Says the enterprising director, "The media has now become part of the very system it was meant to criticize monitor and correct. There's a socio-political hierarchy in our country where we have the government, followed by the wealth-creators and finally the power-mongers.
All these three groups of movers and shakers are supposed to be working for the good of the common people. Now, the only medium the common man has of knowing what these triple-tiered architects of the country are up to is the media."
Ramu feels the mainstream media has lost its focus and therefore its connectivity "Today by the very virtue of its position and the cut-throat competition the media has become as powerful as the agencies it was once supposed to monitor.
I feel the media has become integrated into the system that it was once supposed check and curb. It's this dilemma that I want to dramatize in my film."
All this, you tell maverick Varma, sounds highly complicated. "It is not! See it's the media's domain to project the socio-political facts as accurately and faithfully as possible.
But because of the power that the media has accumulated it cannot afford to do the job it is meant to. I'm reminded of a dialogue from my film Company.
'Yeh hamare dhande ki jaat hai'. It's the nature of the job. And I'm not here to point accusing fingers at the media. Corruption and compromise have crept into every walk of life. Aren't we filmmakers corrupt?"
Ramu hastens to clarify that his film won't be an anti-media tirade. "Not at all. The media is a part of our corrupt system, not the reason for it. I'm not trying to get even with the media or anything.

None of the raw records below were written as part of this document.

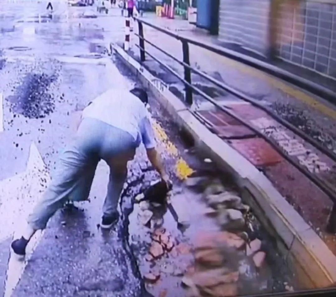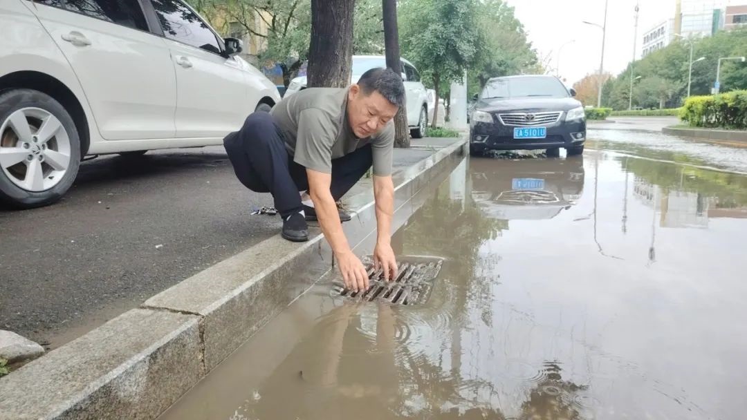 下了幾乎一夜的雨將254路車(chē)隊(duì)門(mén)前道路幾乎淹沒(méi),254路車(chē)隊(duì)長(zhǎng)劉佳寧拿起鐵鍬等工具,對(duì)下水道附近的污垢進(jìn)行清理,排除積水。
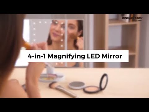 ESPEJO LED DE AUMENTO 4 EN 1 INNOVAGOODS. UN ESPEJO DE SOBREMESA MUY PRÁCTICO PARA MAQUILLARSE, PEINARSE, DEPILARSE, ETC., CON LA MÁXIMA PRECISIÓN Y COMODIDAD. FABRICADO EN ABS DISEÑO PLEGABLE, MODERNO Y FUNCIONAL, 24 LED DE LUZ BLANCA, RECLINABLE HASTA 360° VARIAS ZONAS DE AUMENTO (X1, X2 Y X3), ESPEJO ADICIONAL REDONDO CON VENTOSAS (APROX. 7,5x1cm – AUMENTO: X10), BASE EXTRAÍBLE CON ESPACIO PARA COLOCAR UTENSILIOS (PINZAS DE DEPILAR, PINTALABIOS, ETC.), INTERRUPTOR ON/OFF EN LA PARTE TRASERA, BOTÓN TÁCTIL DE ENCENDIDO Y APAGADO EN LA PARTE FRONTAL, FUNCIONA CON PILAS (4xAA, NO INCLUIDAS) O MEDIANTE CONEXIÓN USB (INCLUYE CABLE USB). MEDIDAS APROX.: 18x29x12cm.
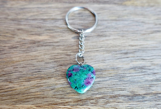 Zoisite Stone Handmade Heart Keychain
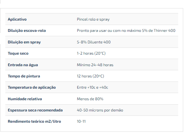 Anti-incrustante autopolinte formulado com tiocianato de cobre, utilizável em todos os tipos de embarcações, inclusive aquelas de alumínio e ligas leves. Recomendado para lanchas de média velocidade até 30 nós. Recomendamos a aplicação de pelo menos 2 demãos do produto.

My film has got nothing to do with the film media. So relax.There will be no mention of film media. It's about high-level politics and the national new channels, so it isn't about the print media."
Ask him if his blogging brought on this media consciousness and Ramu waves off the question impatiently. "Long before I began blogging I thought of this media film. I think the media needs to be looked at in the proper perspective."
Ramu starts his media movie in November. The cast is not yet finalized. But the film will have A-listers in its cast.
"It will be very big film. But it won't have songs and dances. It will be done in an extremely real tone. I don't think 'real' and 'entertaining' are mutually exclusive any more. Look at the opening Phoonk and Rock On got."
But both are at heart 'formula' films, right? "Phoonk didn't have sung songs or the so-called commercial trappings. It was a small film that became big.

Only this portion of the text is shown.